酪氨酸蛋白磷酸酯酶1B抑制剂的分子对接和三维定量构效关系研究

周梅1, 章威2, 成元华3, 计明娟1, 徐筱杰2   

  1. 1. 中国科学院研究生院化学与化学工程学院, 北京, 100049;
    2. 北京大学化学与分子工程学院, 北京, 100871;
    3. 北京工业大学环境与能源工程学院, 北京, 100022
  • 投稿日期:2005-03-28 修回日期:2005-06-28 发布日期:2014-02-14
  • 通讯作者: 计明娟,E-mail:jmj@gscas.ac.cn;Tel:010-88256326. E-mail:jmj@gscas.ac.cn
  • 基金资助:

    国家自然科学基金(No.20373089);中国科学院研究生院启动基金(No.M3004)资助项目

Molecular Docking and 3D-QSAR Studies on Protein Tyrosine Phosphatase 1B Inhibitors

ZHOU Mei1, ZHANG Wei2, CHENG Yuan-Hua3, JI Ming-Juan1, XU Xiao-Jie2   

  1. 1. College of Chemistry and Chemical Engineering, Graduate University of Chinese Academy of Sciences, Beijing 100049;
    2. College of Chemistry and Molecular Engineering, Peking University, Beijing 100871;
    3. College of Environmental and Energy Engineering, Beijing University of Technology, Beijing 100022
  • Received:2005-03-28 Revised:2005-06-28 Published:2014-02-14

Here a molecular docking and 3D-QSAR study is reported on a series of 2-(oxalic mono-amido)benzoic acid (OBA) inhibitors and protein tyrosine phosphatase 1B (PTP1B).

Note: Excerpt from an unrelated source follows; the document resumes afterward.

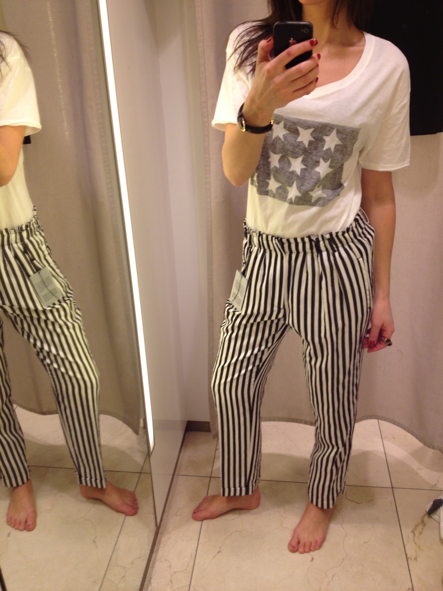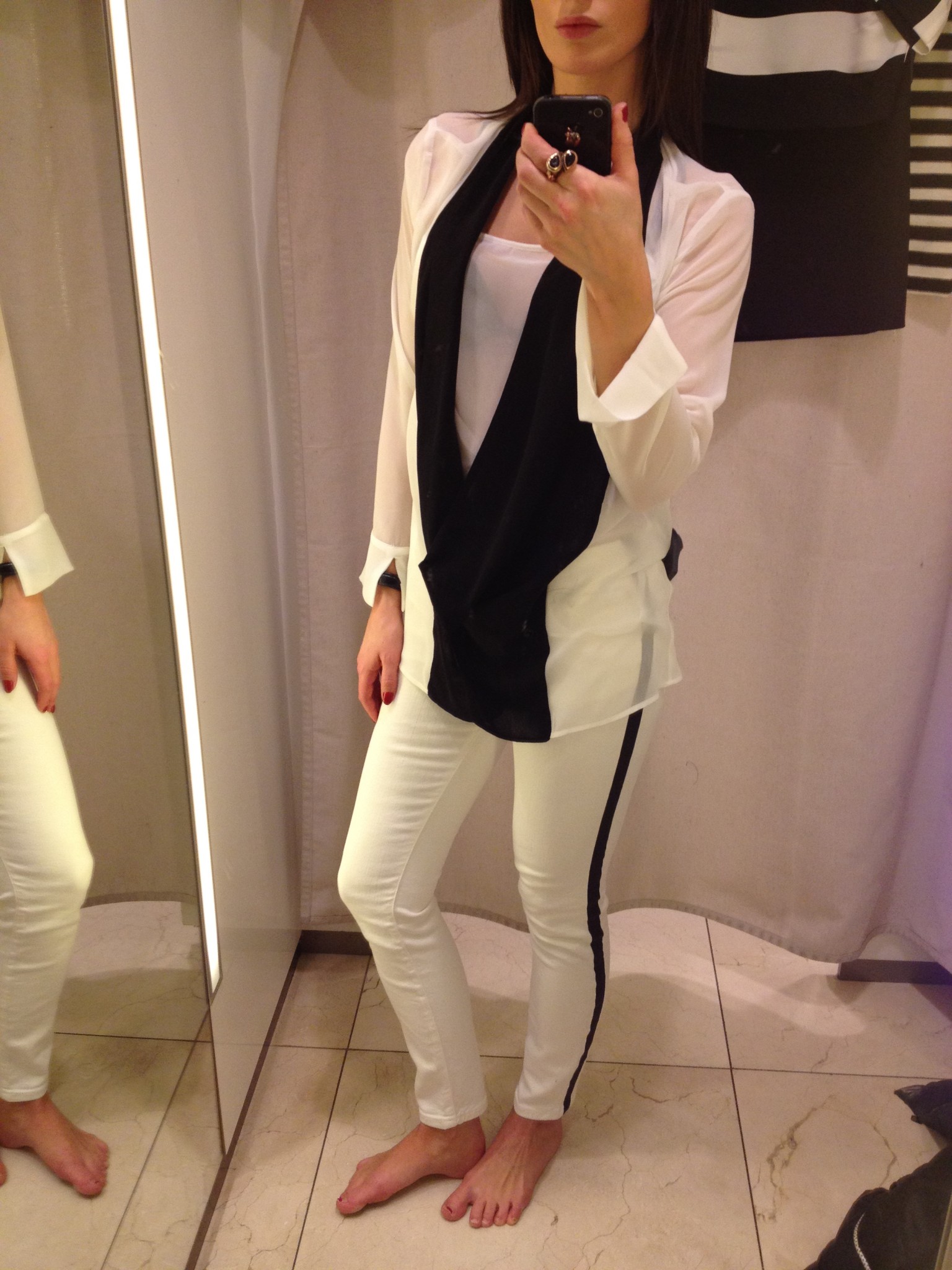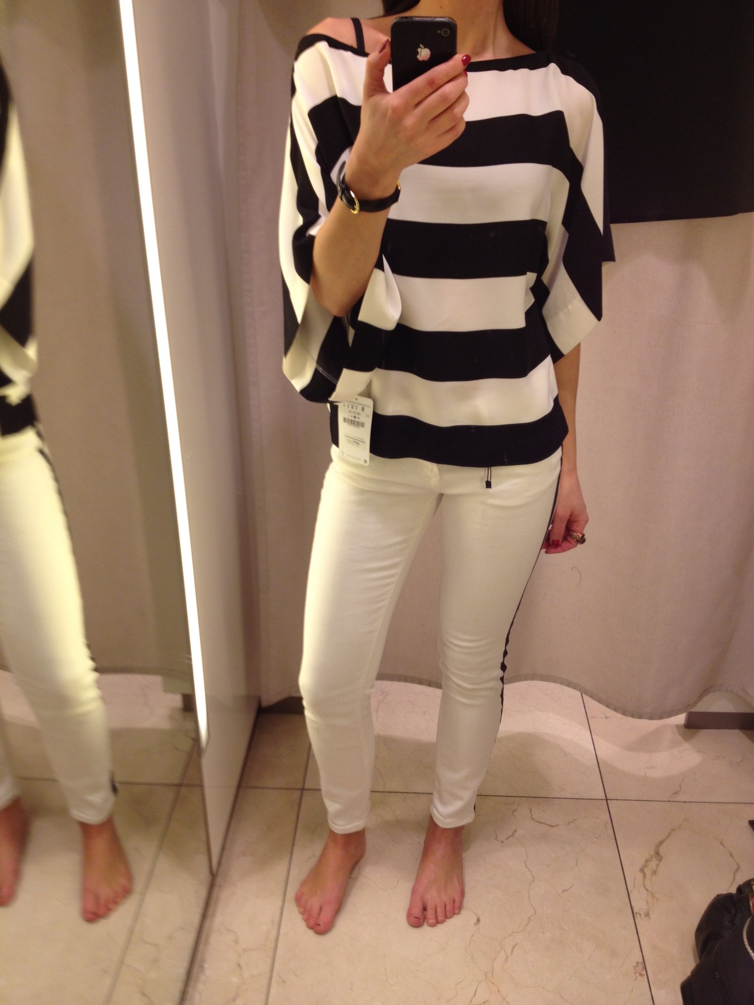 J’ai adoré la chemise cache-coeur rayée noire et blanc et les jeans blanc à ligne noire qu’on retrouve un peu partout. (Nathalie en a essayé un modèle similaire chez Forever 21.)

Firstly, a flexible docking method (FlexX) was used to place 12 OBA inhibitors into the active site of PTP1B. The predicted binding affinities of the molecules were found to be linearly relevant to their experimental activities (pKi, non-cross-validated R2=0.859). After that, 33 OBA inhibitors were fixed into the predicted binding con-formation, and were studied using CoMFA method. The resulting CoMFA model (cross-validated q2=0.650) could predict the activity of 6 molecules in the test set within a mean unsigned error of 0.177, and match the characters of our binding mode perfectly. The discovered binding mode could provide hints to further modification of inhibitors.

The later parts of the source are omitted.